With the rise of additive manufacturing processes being utilized in rapid prototyping and low-volume production, it became necessary to develop technology to produce metal products. Laser sintering has existed since the 1980s; however, it took until the mid-1990s for this process to see significant adoption for use in additive manufacturing. There are now several branches of laser sintering-based additive manufacturing in everyday use. Laser sintering has been expanded to nonmetals and various metal alloys.
As these additive manufacturing processes become more refined, similar technologies have been developed along different lines. Electron beam additive manufacturing uses a focused electron beam as a heat source to fuse metal powder or wire together to form a product. As these two technologies have developed, companies in fields such as the medical appliance and aerospace industries have begun showing interest in full-scale production runs using these systems.
Materials produced via additive manufacturing (also called Material Incremental Manufacturing) are first created in a computer-aided drafting program like SolidWorks or CATIA. Special care must be given to ensure that the part conforms to the restrictions of the particular technology to be utilized.

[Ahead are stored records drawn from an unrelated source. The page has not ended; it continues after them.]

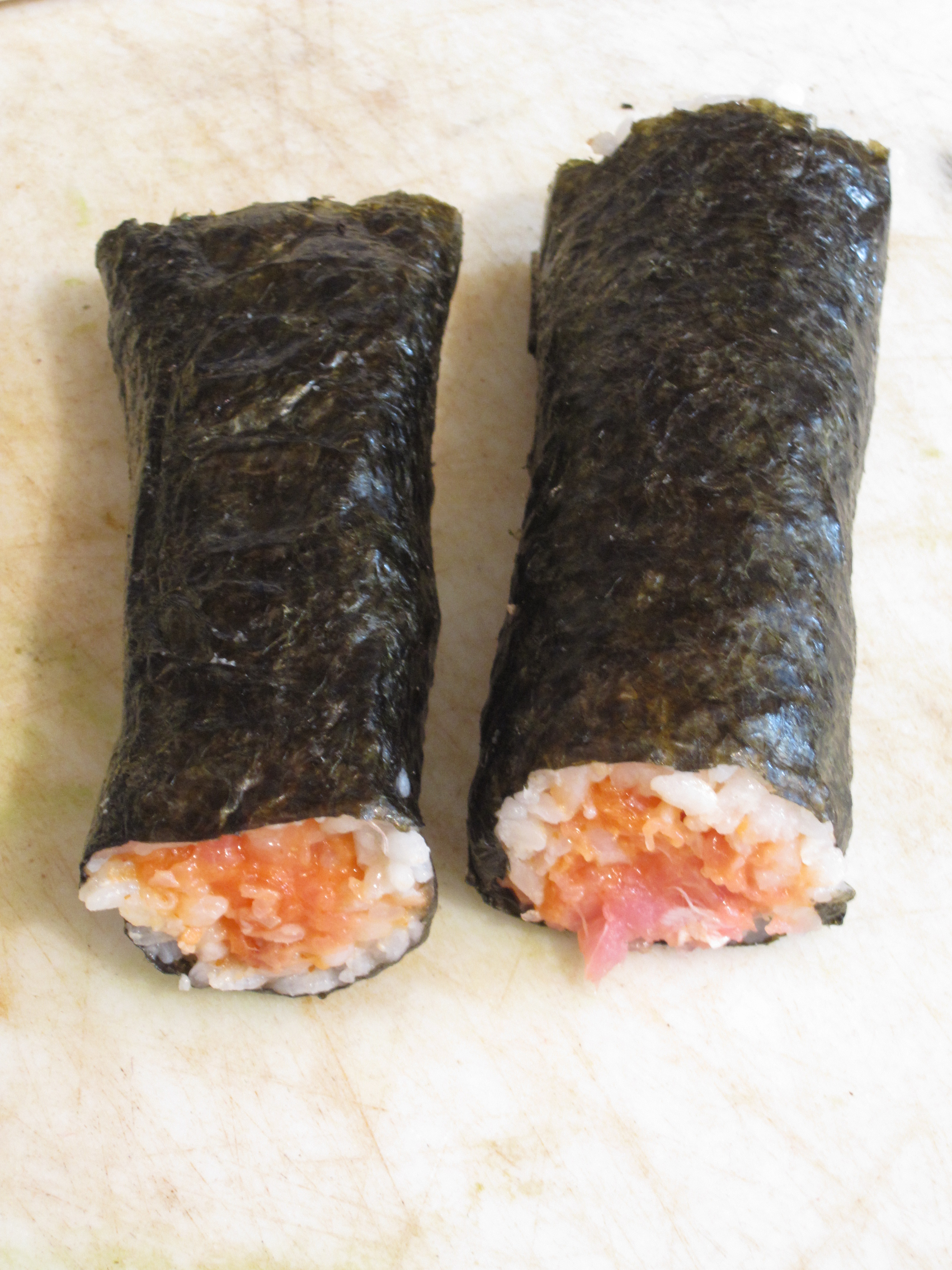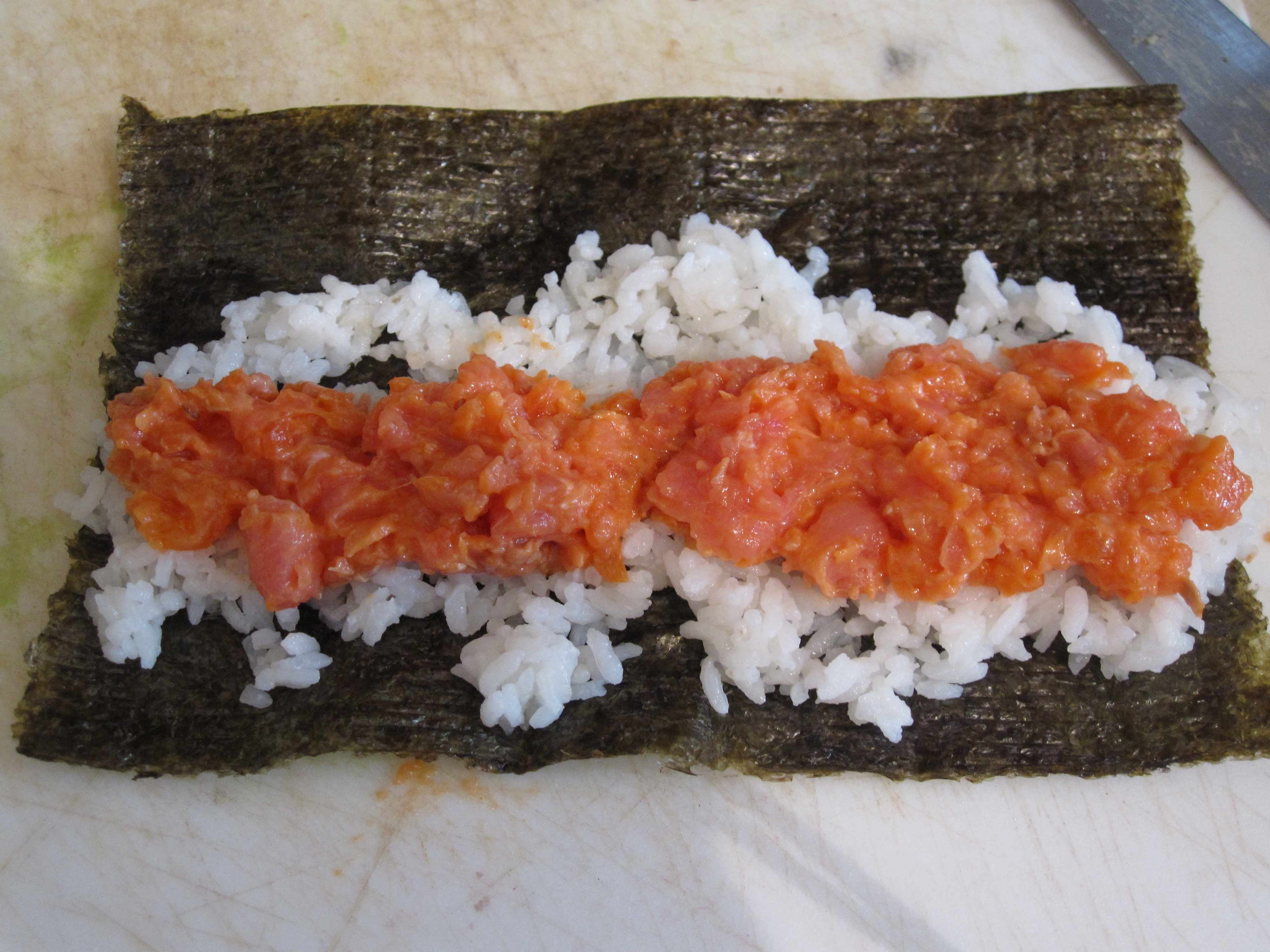 Start with the filling. As in the restaurants, these were basically the scrap pieces chopped up and mixed together. When I say scrap, I don’t mean pieces that you or possibly even a dog shouldn’t be eating but the edges and other slivers that are trimmed off of nigiri pieces and roll slices. This is a bit oranger because of the salmon though it was a bit heavier on the tuna. Siracha and mayo mixed in. Then to the assembly
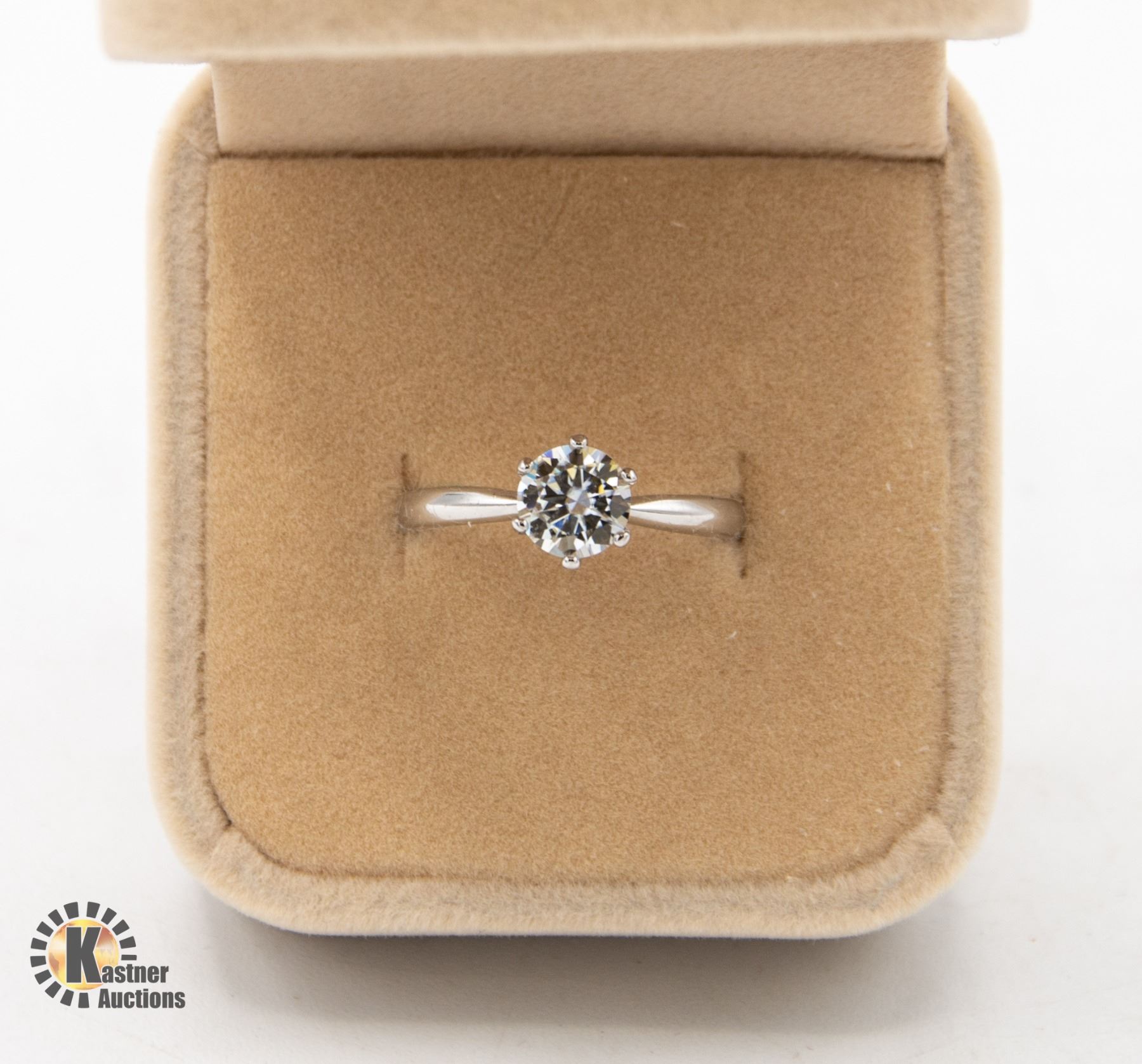 ROUND BRILLIANT MOISSANITE SET IN STERLING SILVER RING WITH 6 CLAW HEAD RING SIZE 7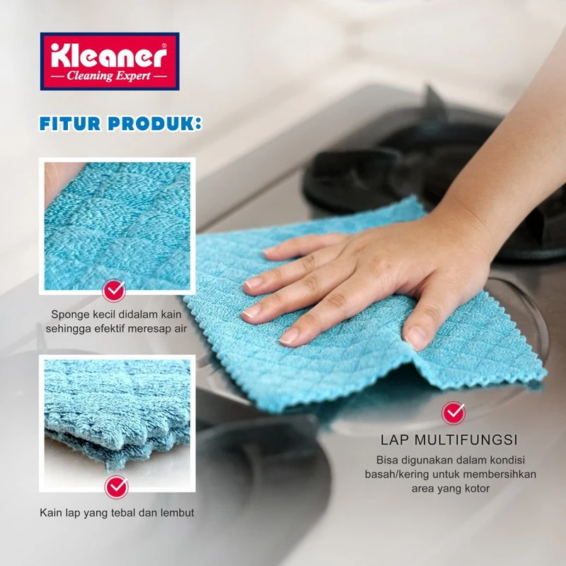 Kleaner Sponge Washcloth is thicker and different from conventional microfiber cloths, where this product is equipped with “Micro Sponge” technology that is embedded under the layer of the microfiber cloth, so that the cloth can absorb more water. It is suitable for cleaning stoves, microwaves, ovens or other household appliances.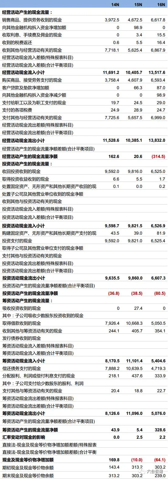 公司合并现金流量表(单位:百万元)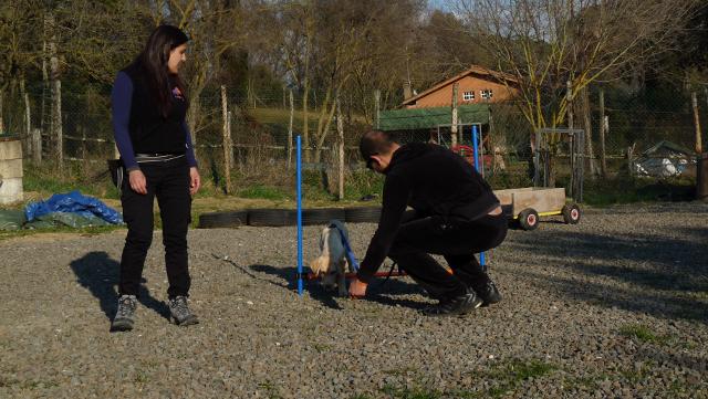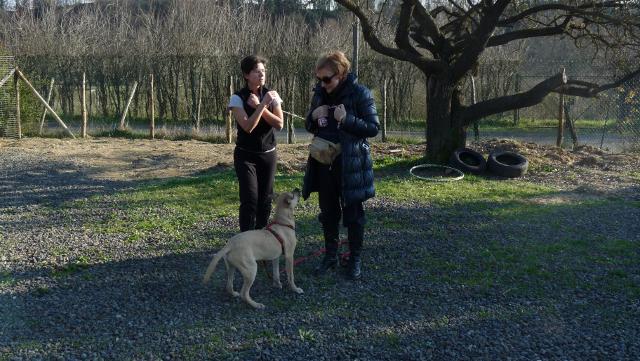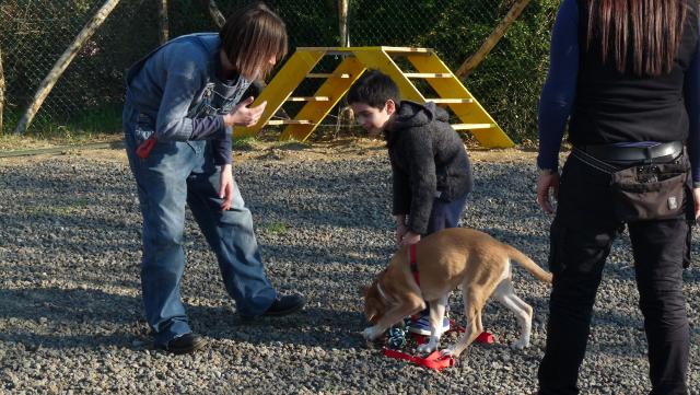 I cuccioli sono ormai a metà del loro percorso, sempre meglio integrati nelle loro famiglie, sempre più attenti ai loro accompagnatori e capaci di mantenere la concentrazione più a lungo. Questo ci permette di rendere le lezioni quasi esclusivamente pratiche. Ieri, sabato 16 febbraio, abbiamo affrontato: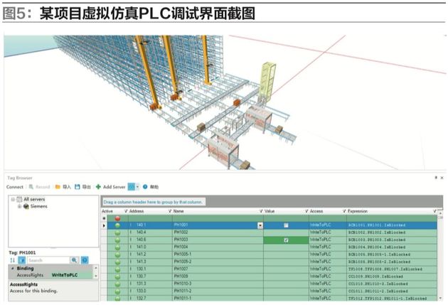 (3)虛擬控制技術(shù)則通過(guò)對(duì)控制系統(tǒng)進(jìn)行模擬調(diào)試,調(diào)試成功后生成PLC代碼,直接傳輸至現(xiàn)場(chǎng)待調(diào)試設(shè)備上的PLC,將調(diào)試時(shí)間大大縮短,圖5為某項(xiàng)目虛擬仿真PLC調(diào)試界面截圖。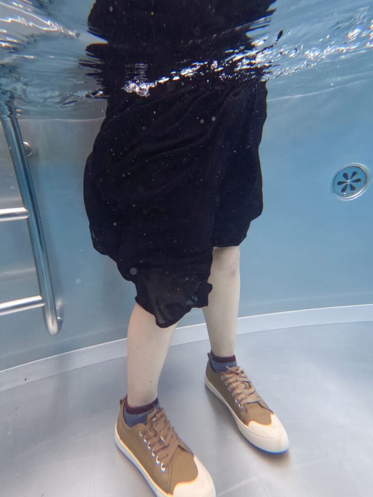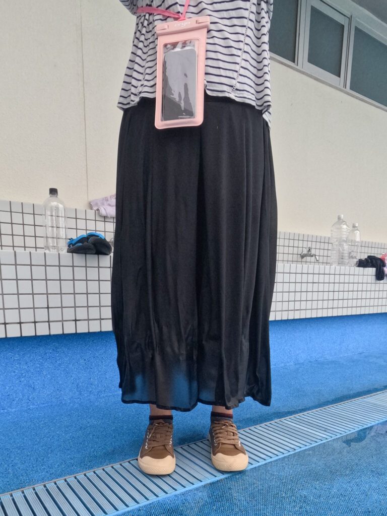 水難事故にあう時、服装を選べることはあまりないと思いますが、水中で動きづらい服装があることもわかりました。例えばスカートは足にまとわりついて、とても動きづらかったそうです(本人談)。もしも、大雨や台風など、水害の中を行かなくてはならないときに余裕があるのであれば、水中で動きやすい服にしておいた方が体力も奪われません。

Additional consideration should be given to using the special features available to MIM, such as hollow shells, internal undercuts, and internal cavities. The product model to be created via AM is then tessellated and exported using the standard triangle language file format for use in developing the code for use with the additive manufacturing device.
STL files capture mesh data on the overall shape of the part, which is then imported into a toolpath generation program such as Repetier or CURA. Toolpaths are created for the MIM printer in the form of Gcode. This code will carry machine-specific data from deposition speeds to laser power levels. Gcode may be uploaded to the rapid prototyping device via Internet connectivity or SD card.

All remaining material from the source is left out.